The image processing apparatus of the present invention for achieving the above object has, for example, the following arrangement. That is, an area to be output from the image represented by the image data is specified as an output image, and an acquisition unit that acquires the size of the output image, and a preset area based on the size of the output image acquired by the acquisition unit. Selecting means for selecting one image output size from among a plurality of types of image output sizes, and arrangement determining means for determining the arrangement of the output image in an output area having the image output size selected by the selecting means. A display unit for displaying based on the arrangement state determined by the arrangement determination unit; and an instruction to change the arrangement state displayed by the display unit, changing an arrangement state of the output image in the output area. Changing means.

Further, according to the present invention, there is provided an image processing method realized by the above image processing apparatus.

According to the present invention, there is provided a storage medium for storing a control program for causing a computer to implement the image processing method.

[0010]

Preferred embodiments of the present invention will be described below with reference to the accompanying drawings. In the following embodiment, an embodiment in which the image processing apparatus of the present invention is applied to an X-ray image reading apparatus will be described.
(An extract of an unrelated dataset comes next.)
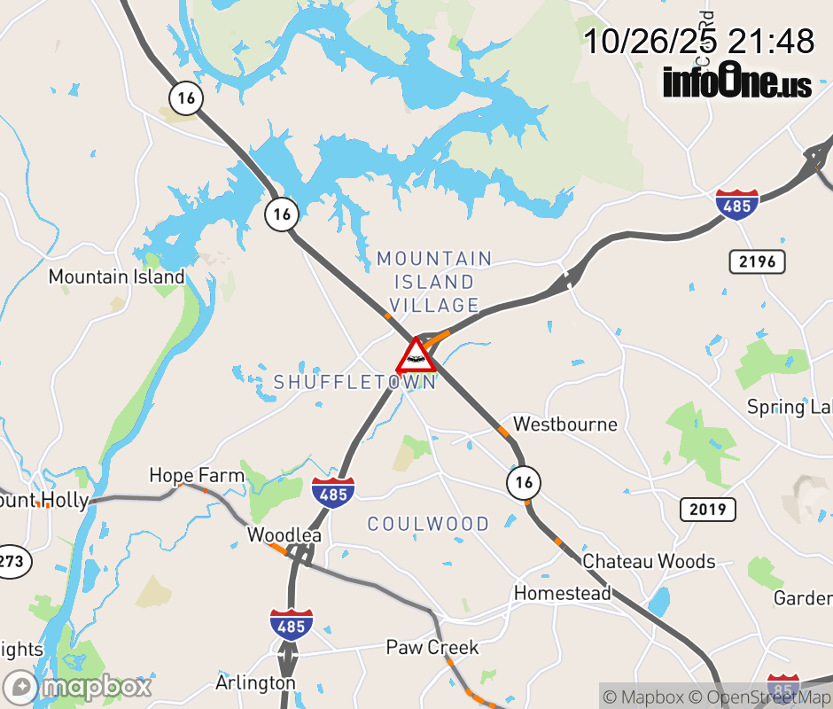 The left lane is closed near Exit 16 (NC-16). ![]() |

FIG. 1 is a block diagram showing the configuration of the X-ray image reading device. The operator places the subject 100 to be photographed between the solid-state imaging device 101 and the X-ray tube 102. Next, a part to be imaged is selected using a user interface (consisting of the display IF unit 119, the display 120, the keyboard and the mouse 121). By this operation, the arrangement mode of the subject, that is, whether to perform PA (emission from the back to the front) shooting or AP
The image reading control unit 113 applies a voltage to the solid-state imaging device 101 using the solid-state imaging device driving control signal, and simultaneously instructs whether to perform imaging (emitted from the front surface to the back surface). Prepare for the image to be entered at any time.

Next, the operator moves the X-ray tube 102 to an appropriate distance with respect to the solid-state imaging device 101. At this time, the distance (distance signal) between the solid-state imaging device 101 and the X-ray tube 102 is input to the image reading control unit 113 using the distance measuring unit 106.

Next, the operator uses the aperture instruction unit 108 to input X
The aperture of the line is adjusted so that the target part of the subject to be photographed is included. Aperture signal 1 from aperture instruction unit 108
Are transmitted to the image reading control unit 113, the aperture signal 2, the X-ray generator control unit 109, and the aperture signal 3, and the opening and closing of the X-ray aperture 105 are controlled. This X-ray aperture 105
It is a rectangle, and it is possible to adjust the opening and closing amounts in both the vertical and horizontal directions. The X-ray aperture 105
Is properly illuminating the site of the subject 100,
It can be adjusted using lamp light.

Exposure button 110 applies X-ray
Trigger to generate a line. The exposure signal 1 generated from the exposure button 110 is input once to the image reading control unit 113 in the image reading device 111. Image reading control unit 1
In 13, after confirming whether or not the solid-state imaging device 101 is in a state in which the input X-ray can be imaged, based on a state of a drive notification signal from a unit including the solid-state imaging device 101,
An exposure permission signal is generated. The irradiation permission signal turns on the irradiation permission switch 114 and changes the irradiation signal 1 to the irradiation signal 2
Is conducted. For the exposure signal, a switch called an exposure button second switch is used (the exposure button of the X-ray generator is pressed in two steps, and the first step (fast switch) is a switch to the X-ray generator). The second stage (second switch) is for applying X-rays to apply a voltage).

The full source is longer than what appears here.